Income and profit of the financial institutions like commercial banks and financial institutions depend upon its lending procedure, lending policy and mobilizing collected fund through investing in different securities. The greater the credit created by the bank the higher will be the profitability. Some required features of sound lending policy and fund mobilization is explained as under:
a) Safety and Security
Financial institutions should inlets their deposit in profitable and secured sectors. They should not invest their fund in securities of those companies whose securities are too much depreciated and fluctuated because of risk of loss factors. They should accept those securities, which are marketable, durable, profitable and high market price as well as stable.

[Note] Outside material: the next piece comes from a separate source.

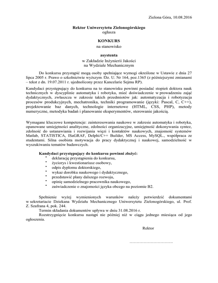 Zielona Góra, 10.08.2016 Rektor Uniwersytetu Zielonogórskiego ogłasza KONKURS na stanowisko asystenta w Zakładzie Inżynierii Jakości na Wydziale Mechanicznym Do konkursu przystąpić mogą osoby spełniające wymogi określone w Ustawie z dnia 27 lipca 2005 r. Prawo o szkolnictwie wyższym /Dz. U. Nr 164, poz.1365 (z późniejszymi zmianami – tekst z dn. 19.07.2011 r. ujednolicony przez Kancelarie Sejmu RP). Kandydaci przystępujący do konkursu na to stanowisku powinni posiadać stopień doktora nauk technicznych w dyscyplinie automatyka i robotyka, mieć doświadczenie w prowadzeniu zająć dydaktycznych, zwłaszcza w zakresie takich przedmiotów jak: automatyzacja i robotyzacja procesów produkcyjnych, mechatronika, techniki programowanie (języki: Pascal, C, C++), projektowanie baz danych, technologie internetowe (HTML, CSS, PHP), metody numeryczne, metodyka badań i planowanie eksperymentów, sterowanie jakością. Wymagane kluczowe kompetencje: zainteresowania naukowe w zakresie automatyka i robotyka, opanowane umiejętności analityczne, zdolności organizacyjne, umiejętność dokonywania syntez, zdolność do ustanawiania i rozwijania więzi i kontaktów naukowych, znajomość systemów Matlab, STATISTICA, ISaGRAF, Delphi/C++ Builder, MS Access, MySQL., współpraca ze studentami. Silna osobista motywacja do pracy dydaktycznej i naukowej, samodzielność w wyszukiwaniu tematów badawczych. Kandydaci przystępujący do konkursu powinni złożyć:  deklarację przystąpienia do konkursu,  życiorys i kwestionariusz osobowy,  odpis dyplomu doktorskiego,  wykaz dorobku naukowego i dydaktycznego,  przedstawić plany dalszego rozwoju,  opinię samodzielnego pracownika naukowego,  zaświadczenie o znajomości języka obcego na poziomie B2. Spełnienie wyżej wymienionych warunków należy potwierdzić dokumentami w sekretariacie Dziekana Wydziału Mechanicznego Uniwersytetu Zielonogórskiego, ul. Prof. Z. Szafrana 4, pok. 244. Termin składania dokumentów upływa w dniu 31.08.2016 r. Rozstrzygnięcie konkursu nastąpi nie później niż w ciągu jednego miesiąca od jego ogłoszenia. Rektor ………………………….
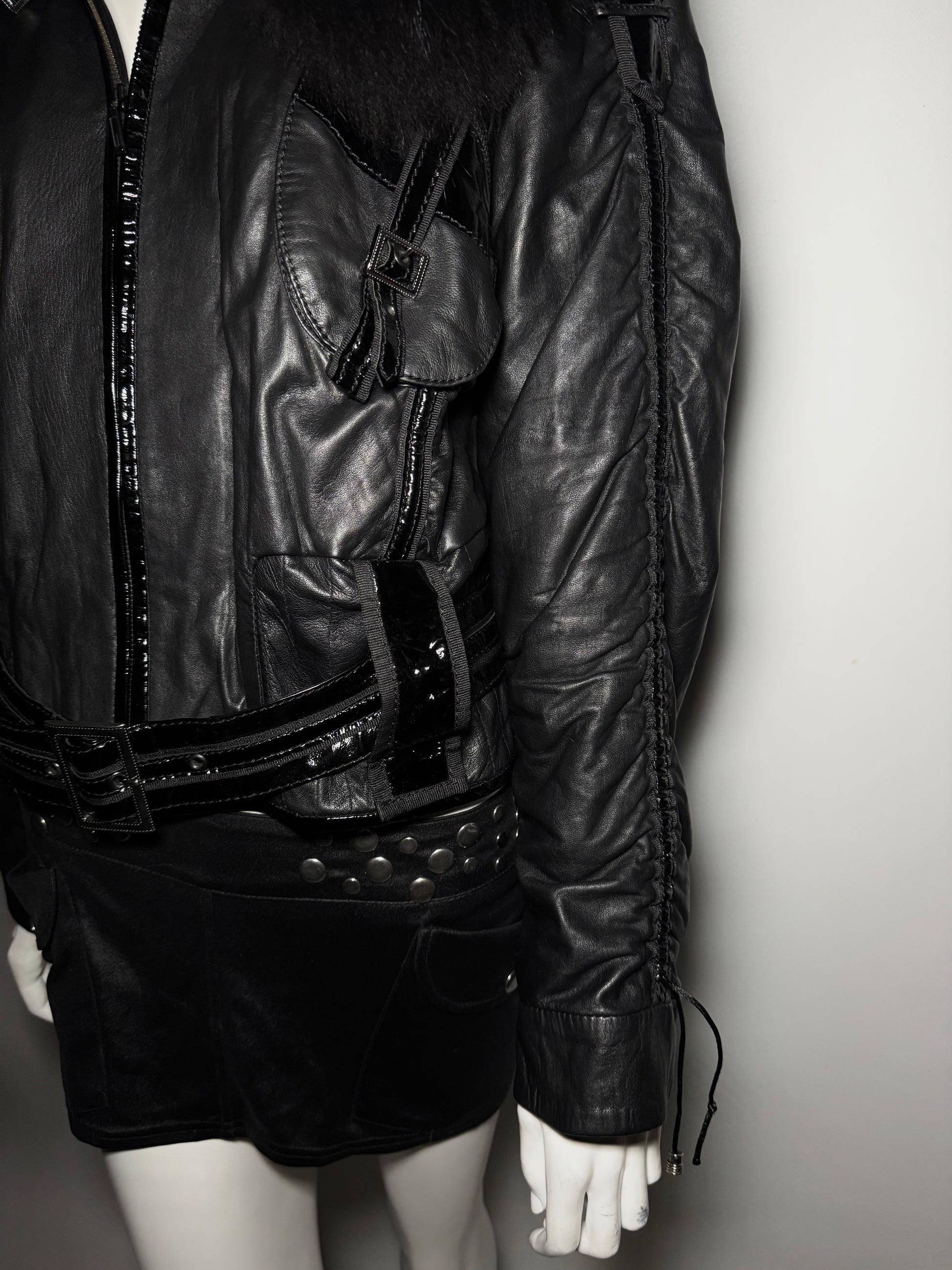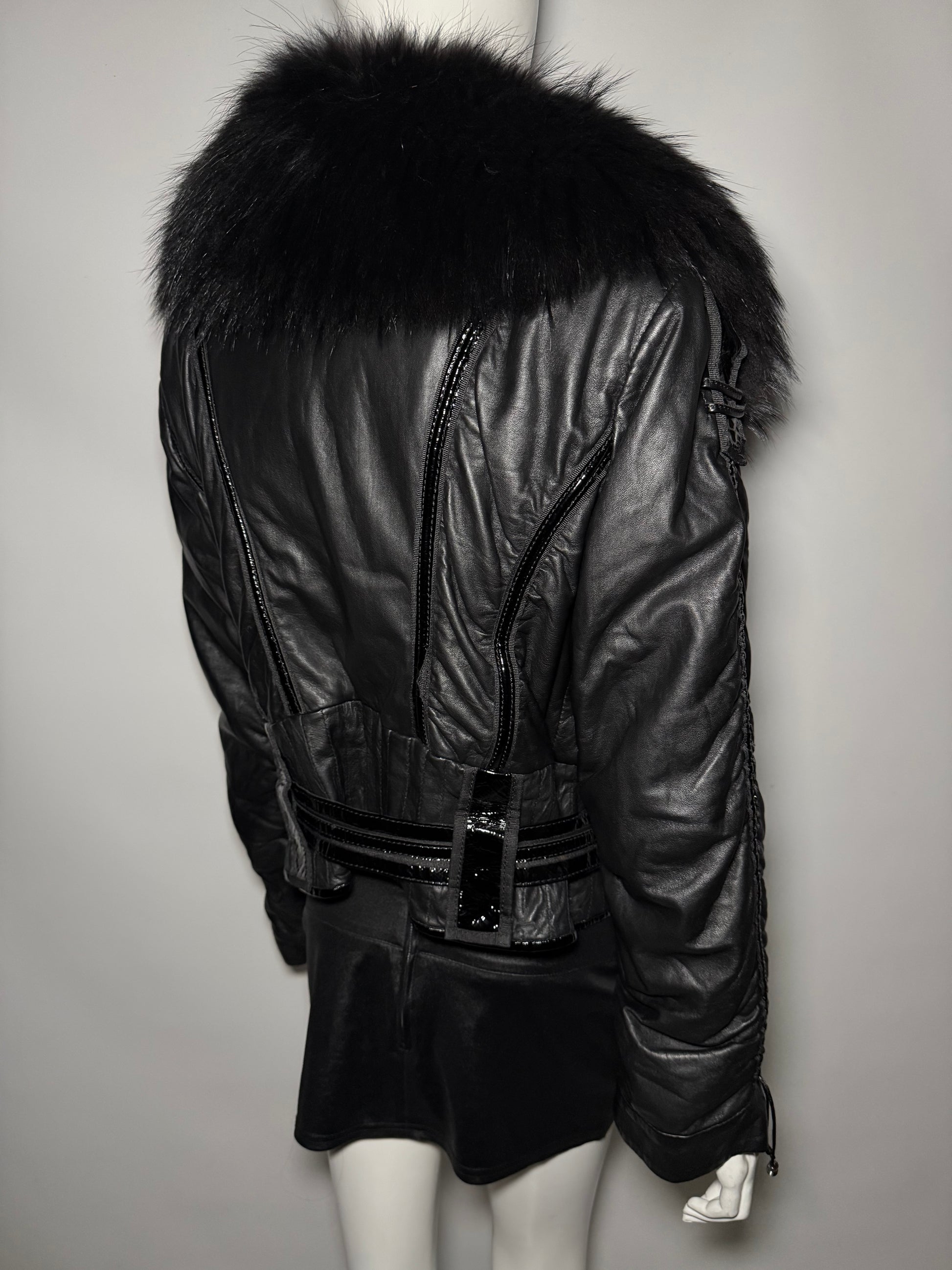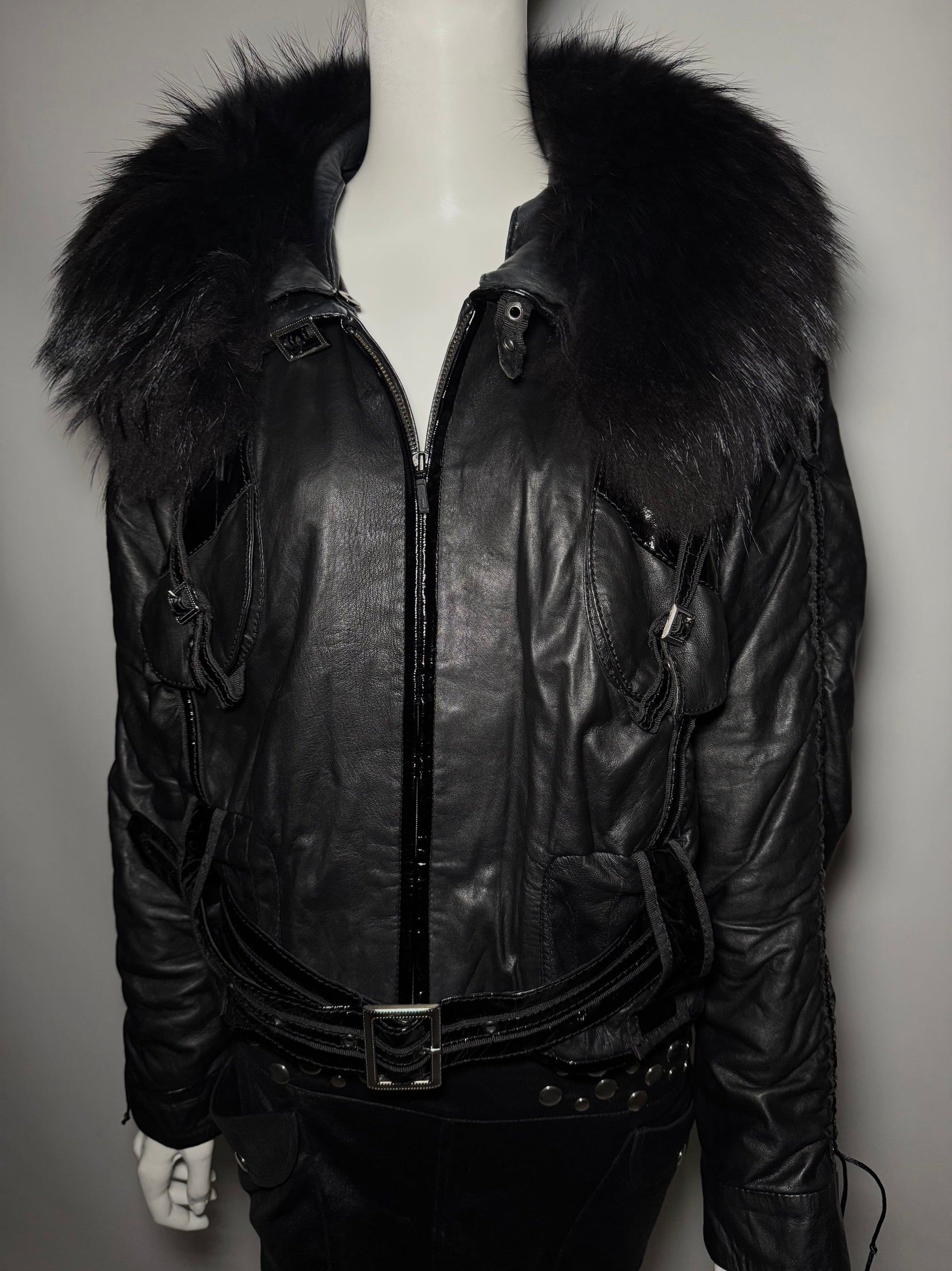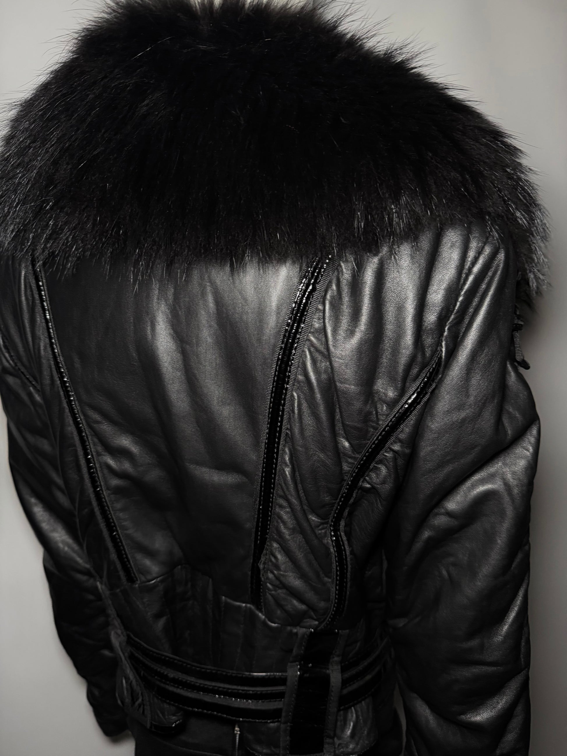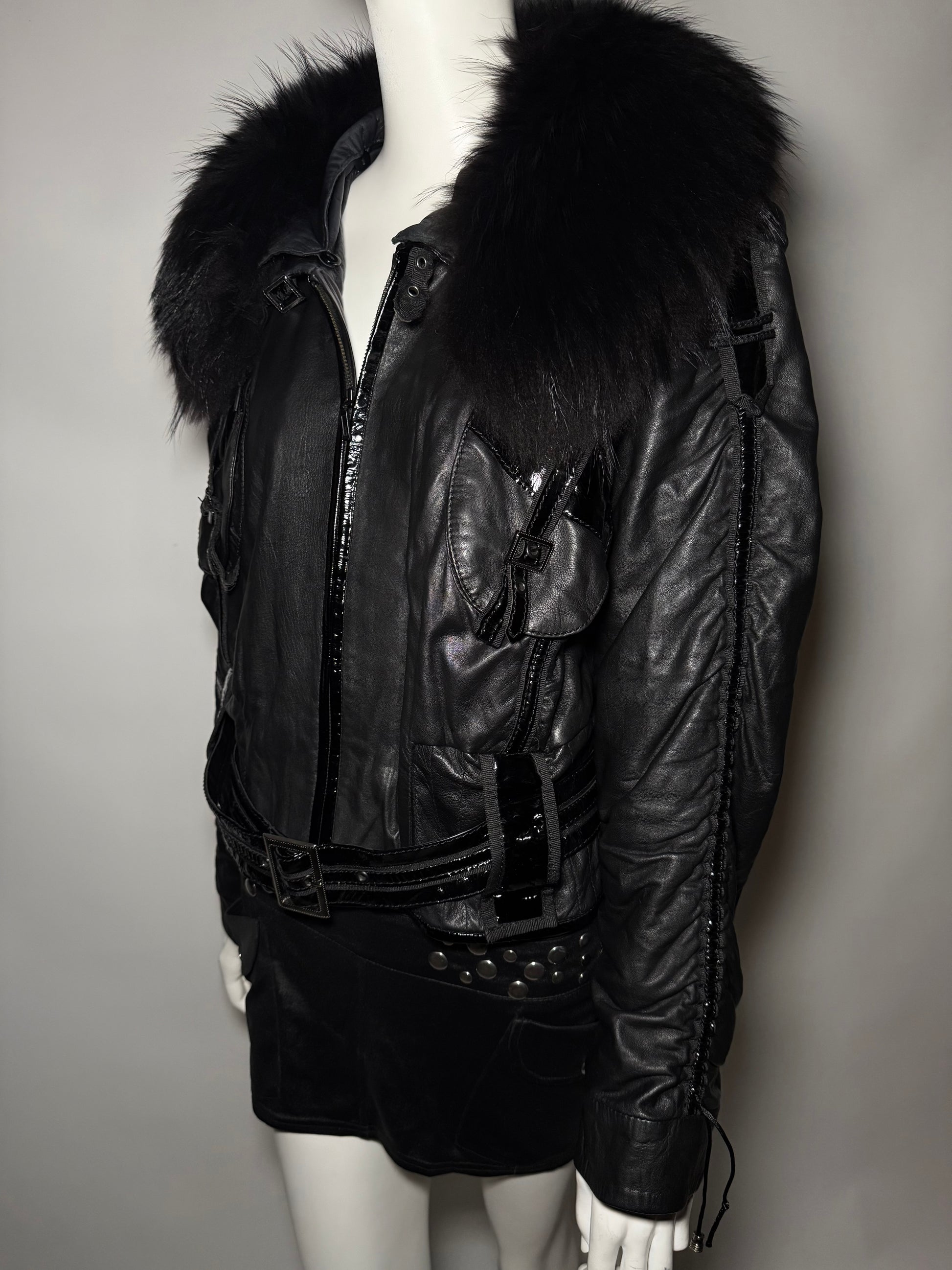 Striking vintage black leather jacket with luxurious real fur collar. Oversized fit with glossy black patent trim details and a matching belt. Unique cut-out shoulder design with buckle accents. Excellent condition, close to perfect.

In this case MAST should be applied for the investment.
Where,
M = Marketability
A = Ascertain ability
S = Stability
T = Transferability
b) Legality
Each and every financial institution follow the rules and regulation of the company, government and various directions supplied by Nepal Rastra Bank, Ministry of Finance and on while issuing securities and mobilizing their fund. Illegal securities will bring out any problems to the investors. Lastly, the reputation and goodwill of the firm may be lost.
c) Liquidity
Liquidity is the position of the firm to meet current or short-term obligations. General public or customers deposit their savings at the banks in different accounts having full confidence of repayment by the banks whenever they require. To show a good current position and maintain the confidence, every firm must keep proper cash balance with them while investing in different securities and granting loan for excess fund.
d) Profitability
To maximize the return on investment and lending position, financial institutions must invest their collected fund in proper sectors. Finally they can maximize their volume of wealth. Their return depends upon the interest rate, volume of loan its time period and nature of investment on different securities and sectors.
e) Tangibility
A commercial bank should prefer tangible security to an intangible one. Though it may be considered that tangible properly doesn’t yield an income apart from intangible securities, which have lost their value due to price level inflation.
f)Purpose of Loan
Banks and other financial institutions must examine why loan is required to the customer. If customers do not use their borrowings, they can never repay and the financial institutions will have heavy bad debts. So, they should collect detailed information about the plan and scheme of the borrowing.
g) Diversification
A firm can invest its deposit collection in various securities to minimize the risk. So, all the firms must diversify their fund or make portfolio investment. Diversification helps to earn a good return and minimize the risks and uncertainty. So, the firms are making portfolio investment with different securities of different companies.